WHAT YOU WILL DO:
Print, exactly and with no pictures, the line containing "看着背包格子里放着好多个同样" and each line after it to the end of the entries below.

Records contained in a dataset

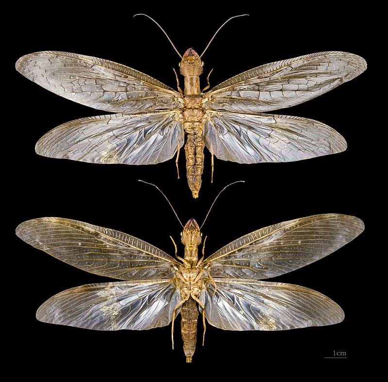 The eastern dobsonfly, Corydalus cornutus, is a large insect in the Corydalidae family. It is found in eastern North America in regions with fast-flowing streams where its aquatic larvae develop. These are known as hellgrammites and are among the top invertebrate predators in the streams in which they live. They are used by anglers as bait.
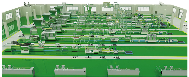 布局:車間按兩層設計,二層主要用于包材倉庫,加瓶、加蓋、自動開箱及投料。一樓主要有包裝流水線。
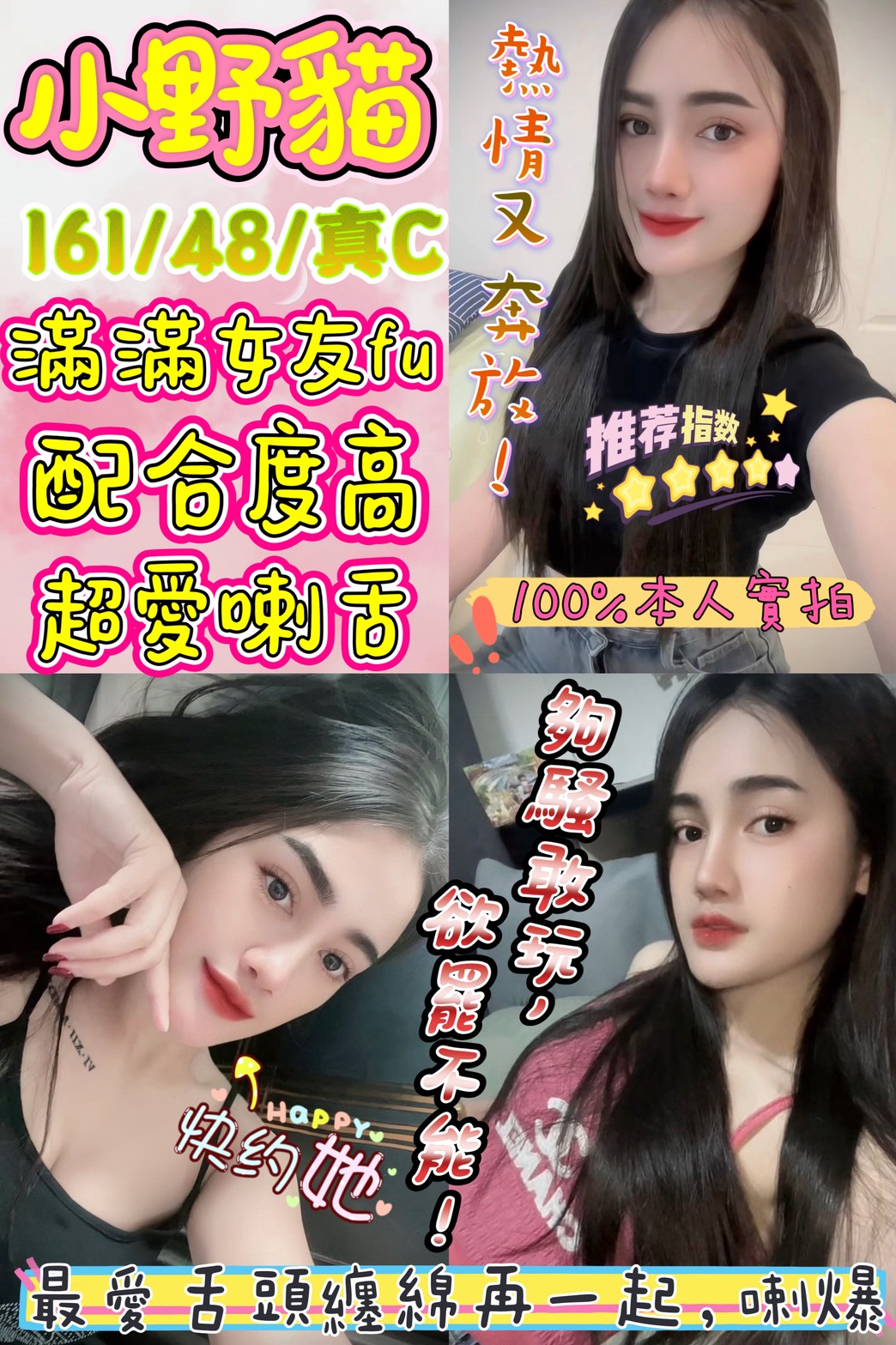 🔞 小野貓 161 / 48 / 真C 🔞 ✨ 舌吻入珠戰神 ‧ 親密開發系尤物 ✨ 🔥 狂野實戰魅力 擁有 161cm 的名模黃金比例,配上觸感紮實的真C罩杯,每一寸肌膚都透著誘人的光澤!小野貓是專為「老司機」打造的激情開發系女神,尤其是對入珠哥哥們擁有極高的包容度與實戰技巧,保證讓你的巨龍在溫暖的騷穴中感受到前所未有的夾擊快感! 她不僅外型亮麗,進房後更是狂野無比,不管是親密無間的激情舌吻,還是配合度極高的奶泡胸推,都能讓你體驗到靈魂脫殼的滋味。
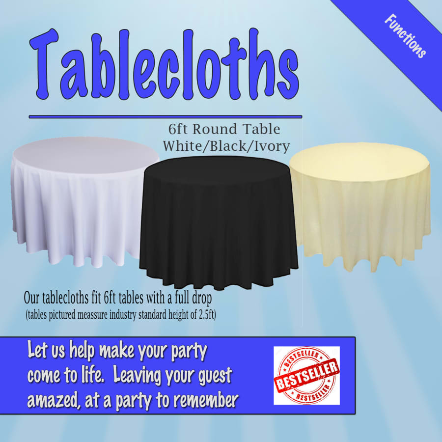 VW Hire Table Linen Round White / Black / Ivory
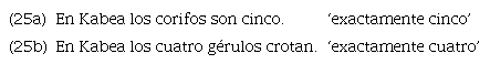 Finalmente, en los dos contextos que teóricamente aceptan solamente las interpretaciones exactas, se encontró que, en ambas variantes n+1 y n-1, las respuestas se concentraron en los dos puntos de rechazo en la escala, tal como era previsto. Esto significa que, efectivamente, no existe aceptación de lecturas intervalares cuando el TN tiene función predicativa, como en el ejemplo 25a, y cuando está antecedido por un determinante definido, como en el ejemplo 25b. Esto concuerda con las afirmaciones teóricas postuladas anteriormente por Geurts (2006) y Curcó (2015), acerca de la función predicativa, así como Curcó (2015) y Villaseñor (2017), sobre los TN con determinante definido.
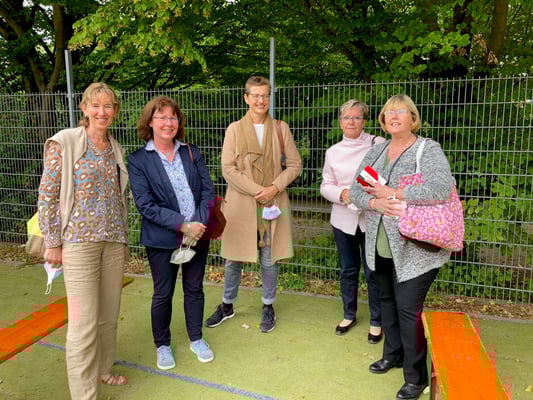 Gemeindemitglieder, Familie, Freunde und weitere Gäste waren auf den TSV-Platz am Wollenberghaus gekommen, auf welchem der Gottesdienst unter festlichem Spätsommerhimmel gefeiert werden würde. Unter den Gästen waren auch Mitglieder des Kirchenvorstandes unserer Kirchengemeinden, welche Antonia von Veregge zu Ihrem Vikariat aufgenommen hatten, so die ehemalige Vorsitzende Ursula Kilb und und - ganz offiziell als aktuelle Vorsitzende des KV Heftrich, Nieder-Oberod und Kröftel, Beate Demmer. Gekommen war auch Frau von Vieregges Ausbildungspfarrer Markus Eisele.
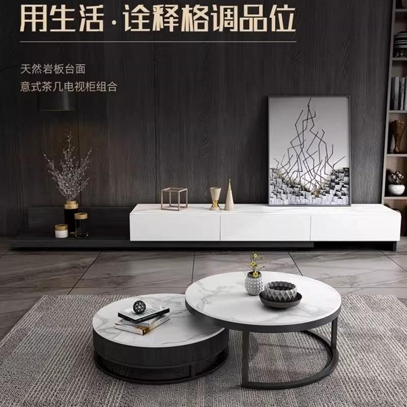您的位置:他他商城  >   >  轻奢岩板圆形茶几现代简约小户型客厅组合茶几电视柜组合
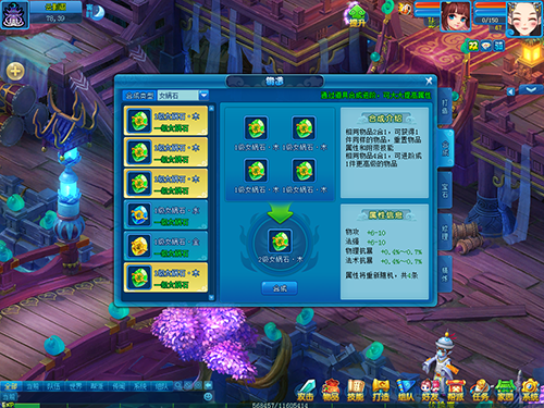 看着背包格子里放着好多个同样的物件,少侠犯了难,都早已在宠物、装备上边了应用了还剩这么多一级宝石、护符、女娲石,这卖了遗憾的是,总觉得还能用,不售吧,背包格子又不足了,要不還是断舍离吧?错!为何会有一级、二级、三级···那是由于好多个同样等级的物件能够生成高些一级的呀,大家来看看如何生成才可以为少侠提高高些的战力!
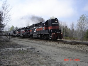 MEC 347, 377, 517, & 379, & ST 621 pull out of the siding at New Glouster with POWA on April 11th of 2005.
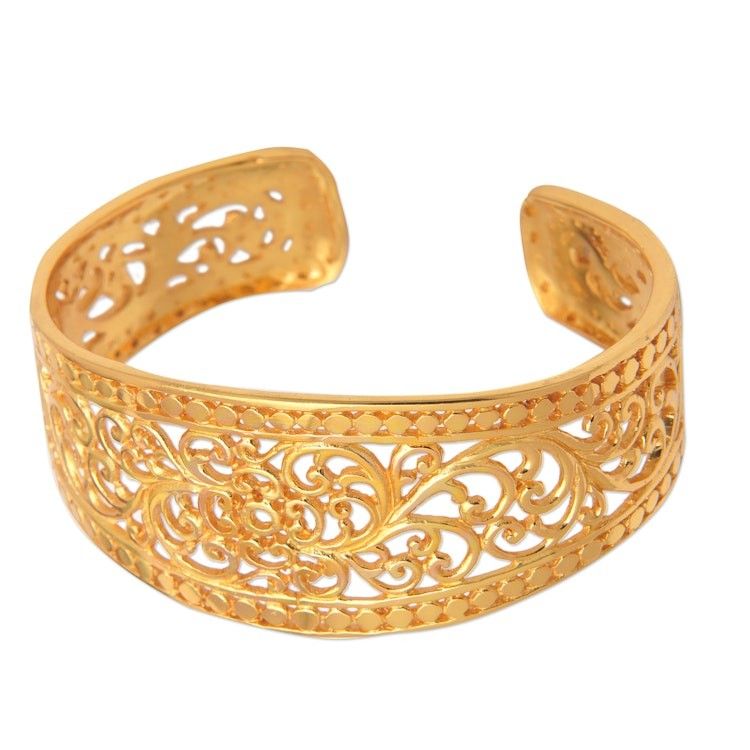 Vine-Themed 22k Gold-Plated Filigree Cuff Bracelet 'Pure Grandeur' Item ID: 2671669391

OUTPUT FOR THIS EXERCISE:
 看着背包格子里放着好多个同样的物件,少侠犯了难,都早已在宠物、装备上边了应用了还剩这么多一级宝石、护符、女娲石,这卖了遗憾的是,总觉得还能用,不售吧,背包格子又不足了,要不還是断舍离吧?错!为何会有一级、二级、三级···那是由于好多个同样等级的物件能够生成高些一级的呀,大家来看看如何生成才可以为少侠提高高些的战力!
 MEC 347, 377, 517, & 379, & ST 621 pull out of the siding at New Glouster with POWA on April 11th of 2005.
 Vine-Themed 22k Gold-Plated Filigree Cuff Bracelet 'Pure Grandeur' Item ID: 2671669391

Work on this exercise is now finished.